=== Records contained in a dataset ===

§

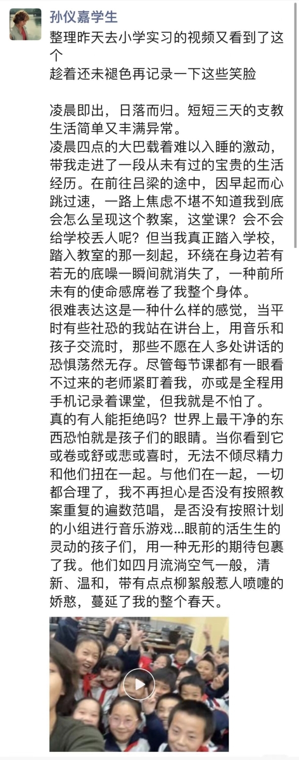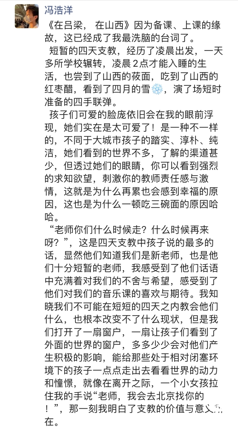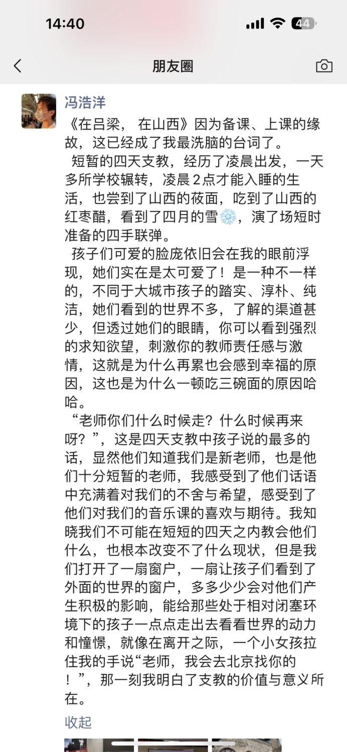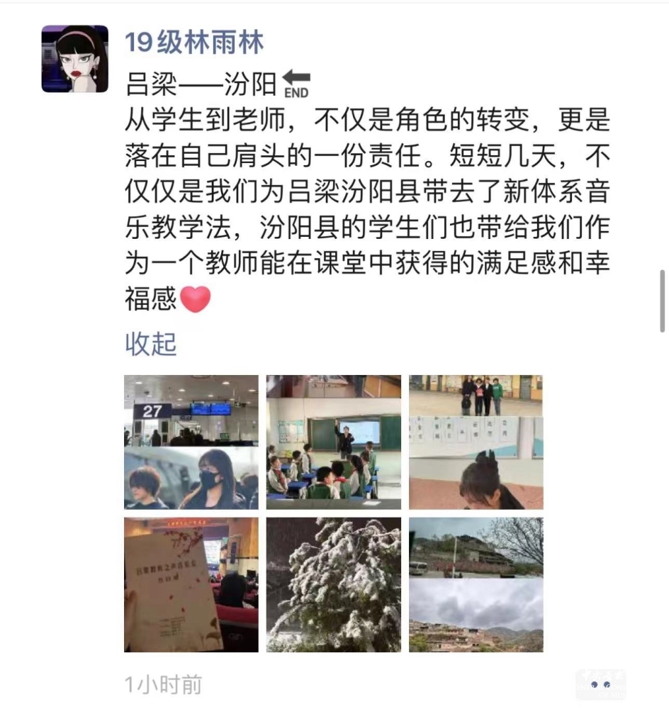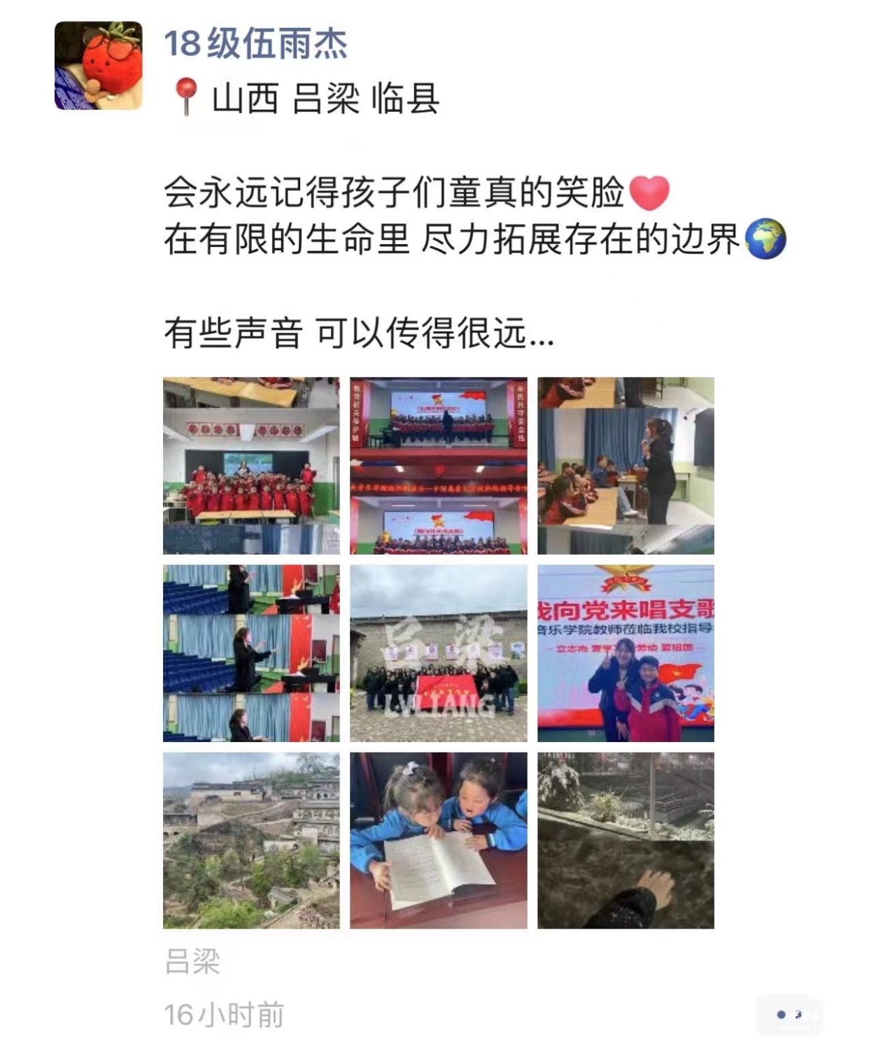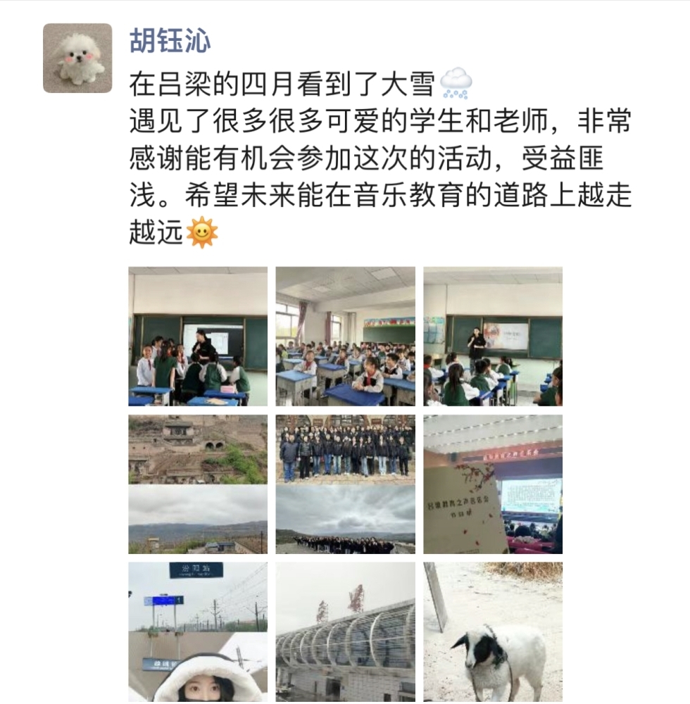 从19日的凌晨出发,到23日返京,KY开元音乐教育学院的师生将热情带到了吕梁这片红色热土,师生们为走过的每一个地方带去了音乐的美好,带来了美育教育的力量,也燃起了孩子们的希望。47位师生用自己的力量践行着“音乐振兴乡村 艺术服务人民”的理念,真切的用一节节生动的课堂肩负起作为一名教育工作者的使命,同时将祖国各地的孩子们对艺术、对教育的渴望和热爱注入到我们未来的教学和学习中,让心中“让音乐属于每一个中国人”的种子茁壮成长。
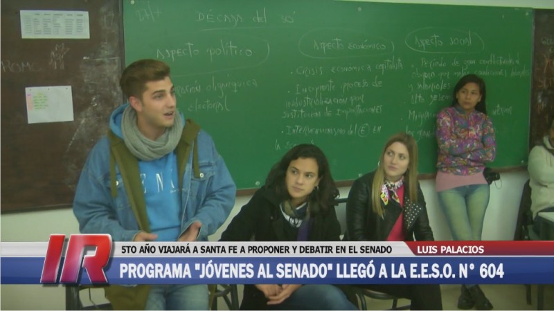 La Escuela de Educación Secundaria Orientada nº 604 de la localidad de Luis Palacios es una de las instituciones educativas que formará parte del programa “Jóvenes al Senado”, donde los alumnos de los cursos superiores podrán diagramar proyectos y conocer la labor legislativa y su mecánica hasta poder presentar sus inquietudes de manera directa en la Cámara de Senadores de Santa Fe en una sesión simulada, con la posibilidad de que en caso de que sus proyectos se aprueben puedan los mismos ser tratados por los legisladores y convertirlos en leyes, resoluciones y demás.
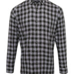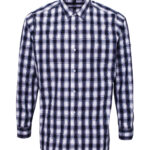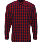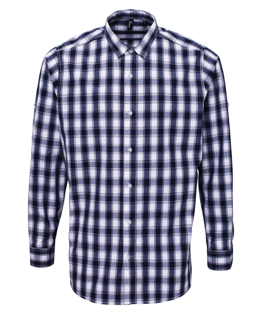 Long sleeve semi-fitted shirt for men with a multi-coloured contrast check pattern. Single button cuff and sleeve guard which is designed to be rolled up and secured in place with a button and tab on the upper arm. Soft collar styling with curved hem. WRAP certified. BSCI certified. Reach certified. SEDEX certified.
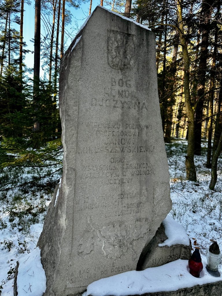 Podchodzimy pod górę, głębiej w las. Na wzniesieniu znajduje się tabliczka i kamienny pomnik z krzyżem, poświęcony leśnikom-patriotom. To miejsce skłania do krótkiego zatrzymania.
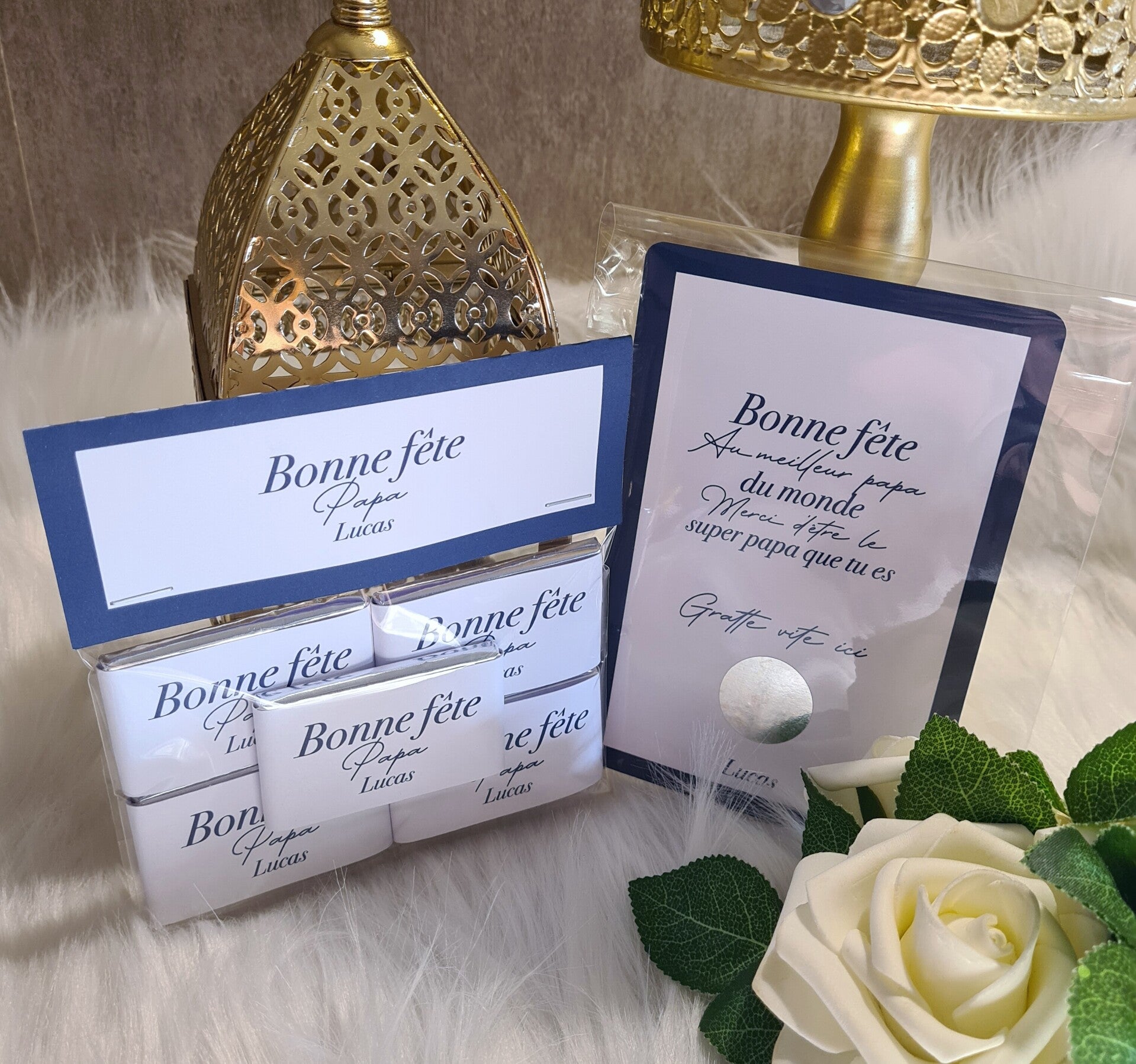 Sachet de 5 chocolats au lait + carte a gratter personnalisé
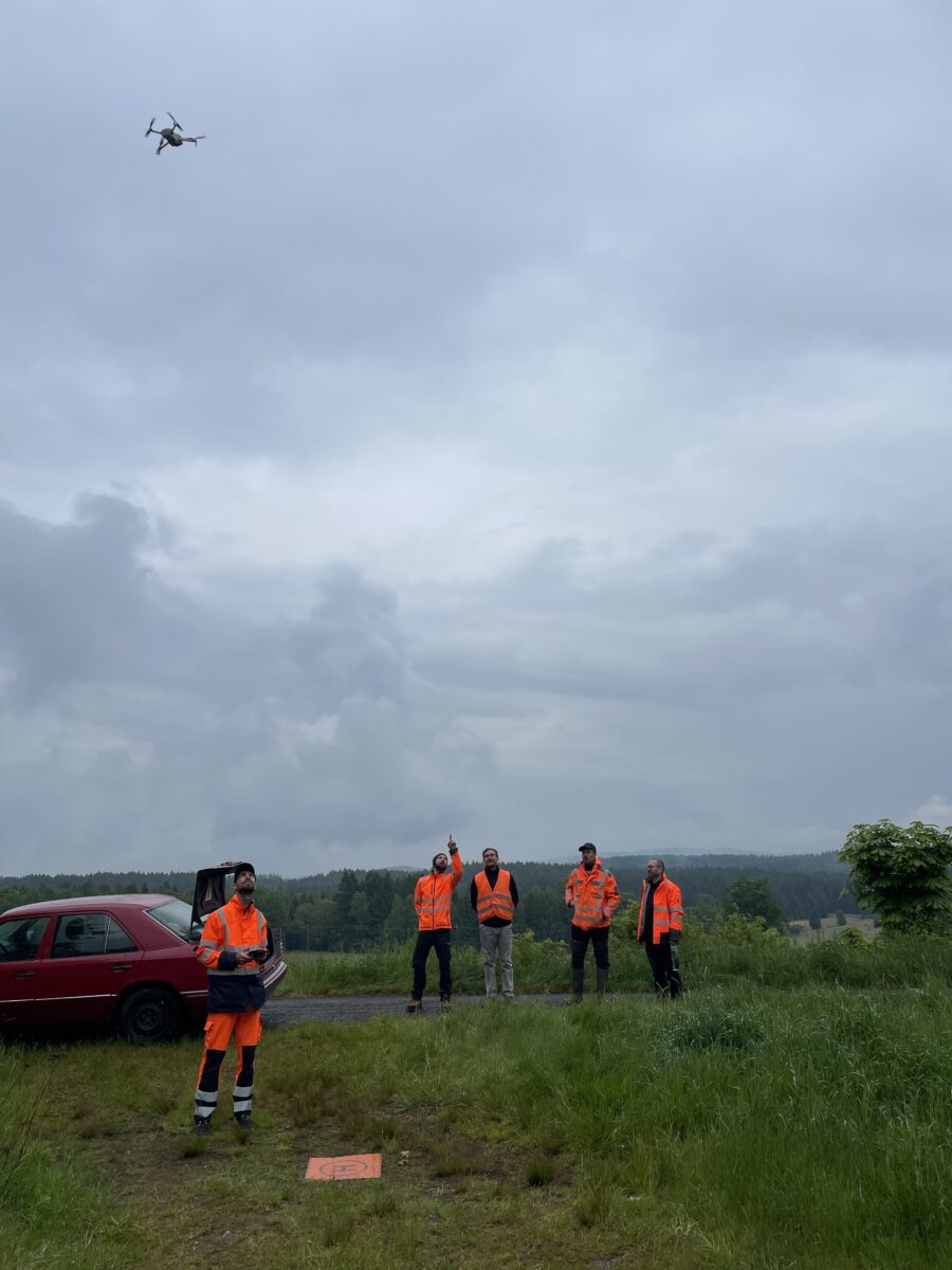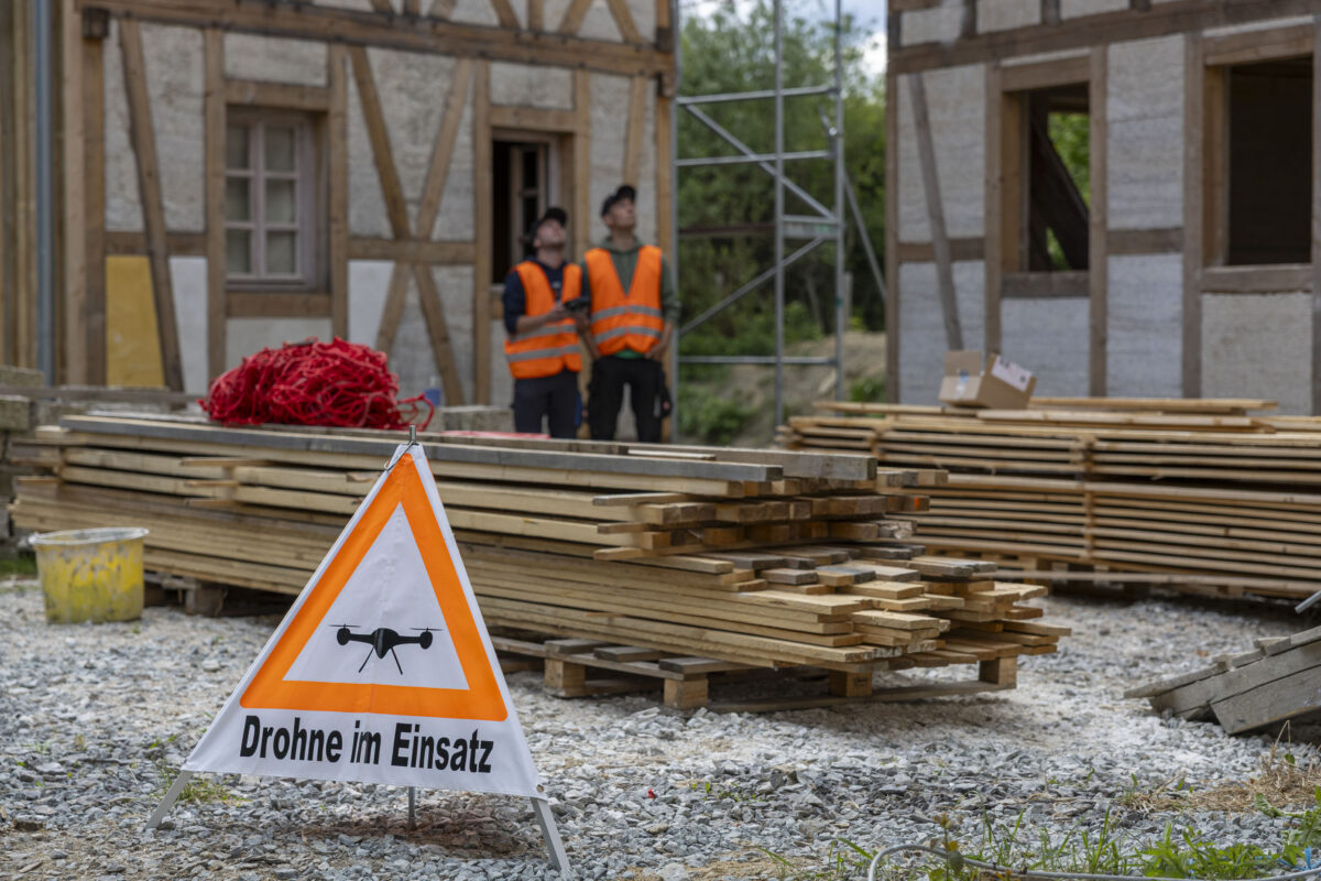 Die Drohnenflüge in Paulusbrunn sind nur ein Part. Die Studenten vermessen zudem ganz klassisch den Geschichtspark. Ihre Ergebnisse werden Basis einer neuen Übersichtskarte. Der derzeitige Faltplan ist nicht mehr aktuell. Es fehlen Gebäude; die Maße stimmen nicht. Dritter Teil des Projekt sind Laserscans des “Naturdorfs”, das derzeit im Bau ist.

§

=== EXERCISE PROMPT ===
What the response needs is every entry, repeated exactly, and none of the pictures.

=== SOLVED EXERCISE ===
 从19日的凌晨出发,到23日返京,KY开元音乐教育学院的师生将热情带到了吕梁这片红色热土,师生们为走过的每一个地方带去了音乐的美好,带来了美育教育的力量,也燃起了孩子们的希望。47位师生用自己的力量践行着“音乐振兴乡村 艺术服务人民”的理念,真切的用一节节生动的课堂肩负起作为一名教育工作者的使命,同时将祖国各地的孩子们对艺术、对教育的渴望和热爱注入到我们未来的教学和学习中,让心中“让音乐属于每一个中国人”的种子茁壮成长。
 La Escuela de Educación Secundaria Orientada nº 604 de la localidad de Luis Palacios es una de las instituciones educativas que formará parte del programa “Jóvenes al Senado”, donde los alumnos de los cursos superiores podrán diagramar proyectos y conocer la labor legislativa y su mecánica hasta poder presentar sus inquietudes de manera directa en la Cámara de Senadores de Santa Fe en una sesión simulada, con la posibilidad de que en caso de que sus proyectos se aprueben puedan los mismos ser tratados por los legisladores y convertirlos en leyes, resoluciones y demás.
 Long sleeve semi-fitted shirt for men with a multi-coloured contrast check pattern. Single button cuff and sleeve guard which is designed to be rolled up and secured in place with a button and tab on the upper arm. Soft collar styling with curved hem. WRAP certified. BSCI certified. Reach certified. SEDEX certified.
 Podchodzimy pod górę, głębiej w las. Na wzniesieniu znajduje się tabliczka i kamienny pomnik z krzyżem, poświęcony leśnikom-patriotom. To miejsce skłania do krótkiego zatrzymania.
 Sachet de 5 chocolats au lait + carte a gratter personnalisé
 Die Drohnenflüge in Paulusbrunn sind nur ein Part. Die Studenten vermessen zudem ganz klassisch den Geschichtspark. Ihre Ergebnisse werden Basis einer neuen Übersichtskarte. Der derzeitige Faltplan ist nicht mehr aktuell. Es fehlen Gebäude; die Maße stimmen nicht. Dritter Teil des Projekt sind Laserscans des “Naturdorfs”, das derzeit im Bau ist.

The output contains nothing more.